TASK PROMPT
Don't include any picture when you restate the data word for word.

DATA EXCERPT
----

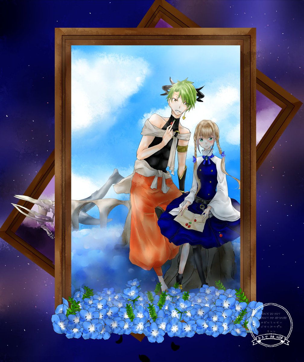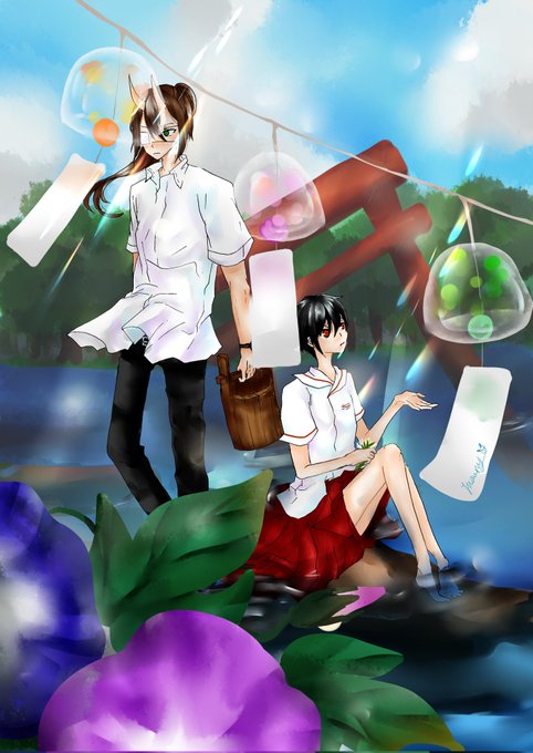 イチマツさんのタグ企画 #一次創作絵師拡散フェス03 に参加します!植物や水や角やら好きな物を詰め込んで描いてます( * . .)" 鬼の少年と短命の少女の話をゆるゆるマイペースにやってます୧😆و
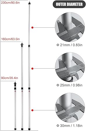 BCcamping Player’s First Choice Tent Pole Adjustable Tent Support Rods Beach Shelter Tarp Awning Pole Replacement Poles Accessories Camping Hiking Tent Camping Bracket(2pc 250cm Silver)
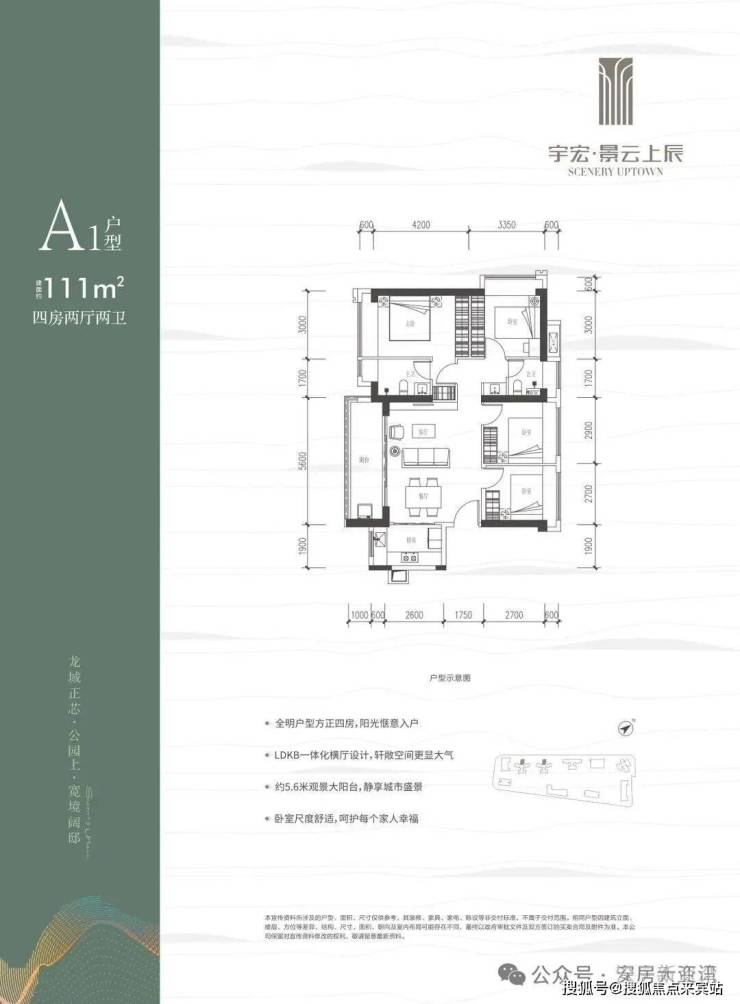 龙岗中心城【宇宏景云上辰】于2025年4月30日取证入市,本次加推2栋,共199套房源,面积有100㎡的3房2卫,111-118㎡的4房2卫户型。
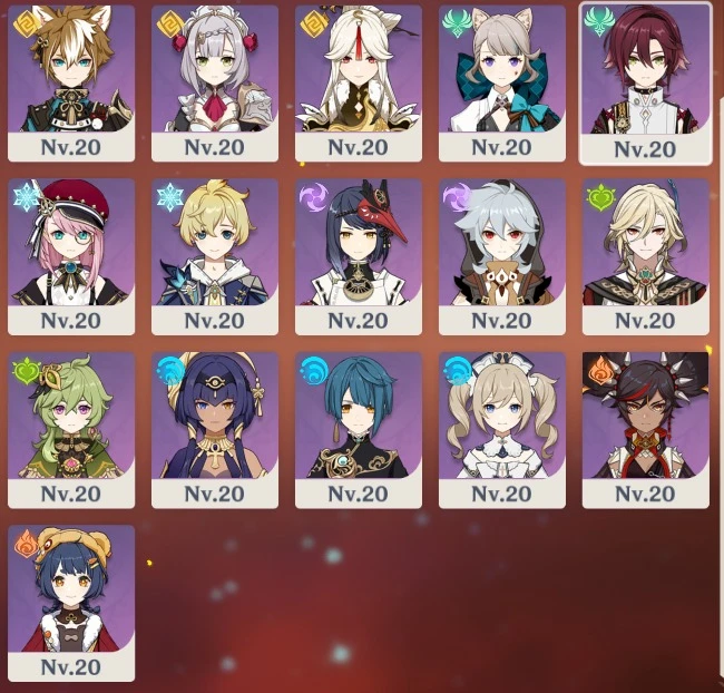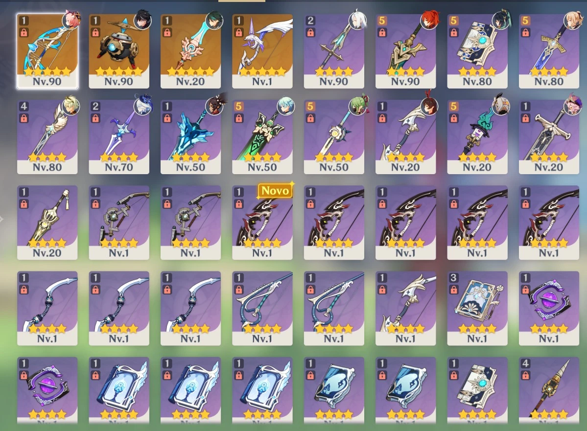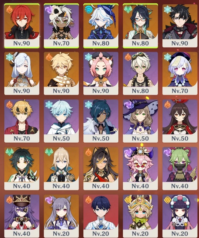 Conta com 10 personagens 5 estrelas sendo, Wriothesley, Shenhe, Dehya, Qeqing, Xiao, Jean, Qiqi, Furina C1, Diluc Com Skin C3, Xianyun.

----

SOLUTION TO THE EXERCISE
 イチマツさんのタグ企画 #一次創作絵師拡散フェス03 に参加します!植物や水や角やら好きな物を詰め込んで描いてます( * . .)" 鬼の少年と短命の少女の話をゆるゆるマイペースにやってます୧😆و
 BCcamping Player’s First Choice Tent Pole Adjustable Tent Support Rods Beach Shelter Tarp Awning Pole Replacement Poles Accessories Camping Hiking Tent Camping Bracket(2pc 250cm Silver)
 龙岗中心城【宇宏景云上辰】于2025年4月30日取证入市,本次加推2栋,共199套房源,面积有100㎡的3房2卫,111-118㎡的4房2卫户型。
 Conta com 10 personagens 5 estrelas sendo, Wriothesley, Shenhe, Dehya, Qeqing, Xiao, Jean, Qiqi, Furina C1, Diluc Com Skin C3, Xianyun.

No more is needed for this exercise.